Furthermore, the behavior of the elements in HTML has been adapted to the behavior of the elements in XHTML, namely:

  • LocalName specifies the element or attribute names in lower case again.
  • NamespaceURI of each element is " "


When HTML5 is a very large and wide -ranging project to which there are as many critical voices. It should be noted that HTML5 is still in development. Criticisms could therefore have lost by a revision of the draft importance.

Critique of the development of HTML

Joe Clark, author and Webaktivist for accessibility, although admits the current version of HTML to problems, but does not believe that the language regarding existing elements should be further developed. Even very poorly written code leads therefore already in all browsers to a satisfactory result.

Clark criticizes the development of HTML is proceeding in the wrong direction. The W3C have to work on far more important sites, such as the controversial scene in the WCAG 2.0 standard.

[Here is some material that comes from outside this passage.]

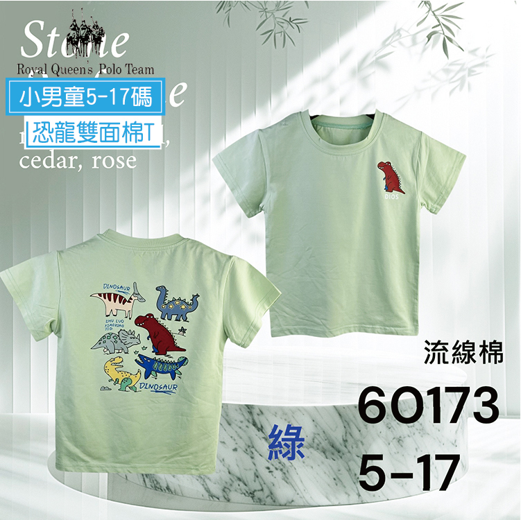 小男童 雙面恐龍短袖圓領T恤 5-17碼 [60173] RQ POLO 小童 春夏童裝 短袖上衣 三角龍 暴龍 霸王龍 滄龍 劍龍

Shane McCarron, who is responsible as an editor for numerous XHTML specifications, suggested that HTML will develop, because the major browser makers the challenge lies in the implementation of the Semantic Web, are not grown. He concludes that the W3C had abandoned the goal of an XML -based ecosystem to print these manufacturers.

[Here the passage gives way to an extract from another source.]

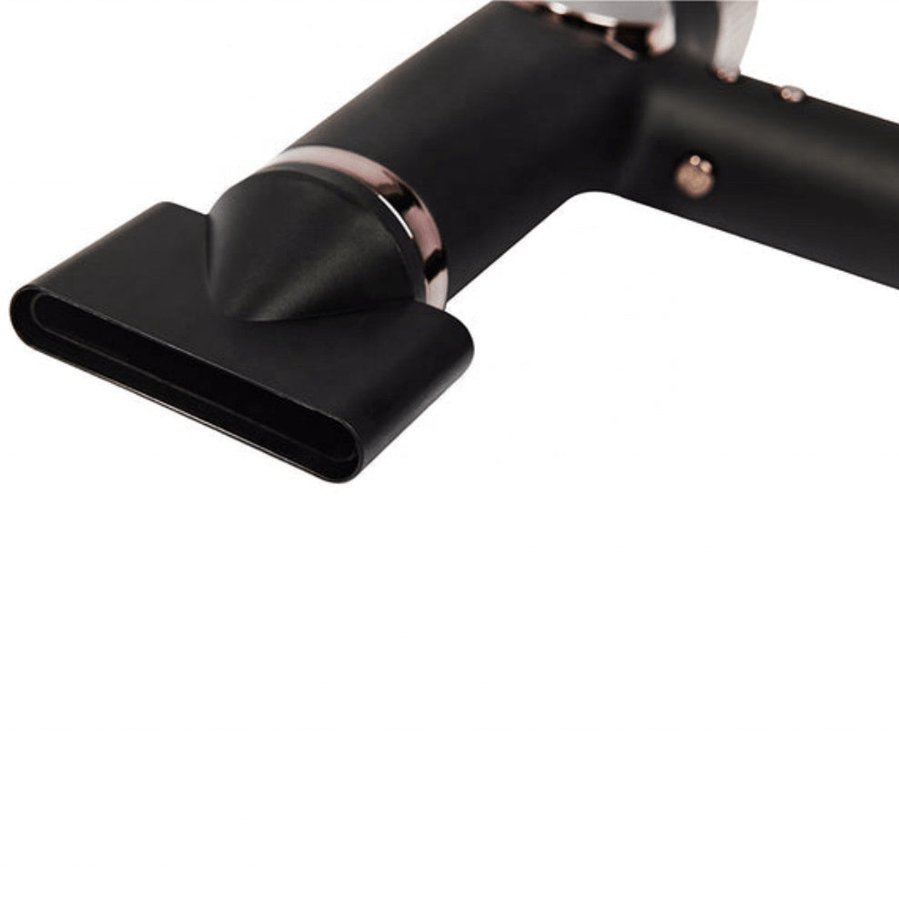 This hair blow dryer has a straight, cylindrical main body with a handle extending from the side, forming a T-like shape. A small digital display is positioned on the upper portion of the body. Button controls are located on the handle. The hair dryer comes with two interchangeable nozzle attachments.

Criticism of the development process of HTML5

Sole write permission by Ian Hickson

Through this commitment Hickson grew into the role of " benevolent dictator ". He alone has the right to edit for the HTML5 draft and for many decisions affecting the specification solely responsible.

This approach is hardly that of the W3C, whose specifications are based on democratic consensus. Therefore, many Web authors ask, for example, Kyle Weems, whether the purpose of ( a functional specification ) justifies the means ( consistent, non-democratic formation that specification). The answer is left open.

Lack of seriousness for internal proposals

Mathias Schäfer, web developer and co-author of various documentation ( for example SELFHTML ), criticized the lack of objectivity in the discussion of HTML5 during formation. Using the example of the " Distributed Extensibility " (extension of the HTML vocabulary to proprietary or private, such as company internal elements ), he shows that proposals will not be taken seriously, although Shepherd thinks that just might HTML5 lead to success this procedure.

Criticism of the WHATWG

The WHATWG itself is criticized because it still carries on its website as a specification HTML5. In fact, however, it is not about HTML5, but - according to own data - the next generation of HTML. So, although the design includes the current state of HTML5, but extends it with new, more immature features.

In addition, the WHATWG draft has a few differences from the version of the W3C. The problem are differences in the normative clauses, as here, the W3C defines the standard but browser vendors to follow generally the WHATWG draft.

Audio and video elements

To include audio or video data defines the elements of HTML5 audio and video. However, since no format is defined, which must be supported as a minimum standard, there are currently no format that is supported by all browsers.

(Which, without having to pay royalties, can be used and originally defined as a minimum standard were ), H.264 (which offers better quality, but used only against payment of fees for discussion were in the past, among other things, Ogg Vorbis and Theora are can ) and WebM.

Digital rights management

Companies like Google, Microsoft and Netflix have addressed to the W3C the wish that a so-called Encrypted Media Extension ( EME) encrypted media content can be output via HTML5. Critics fear that is integrated by this backdoor Digital Rights Management ( DRM) in each browser.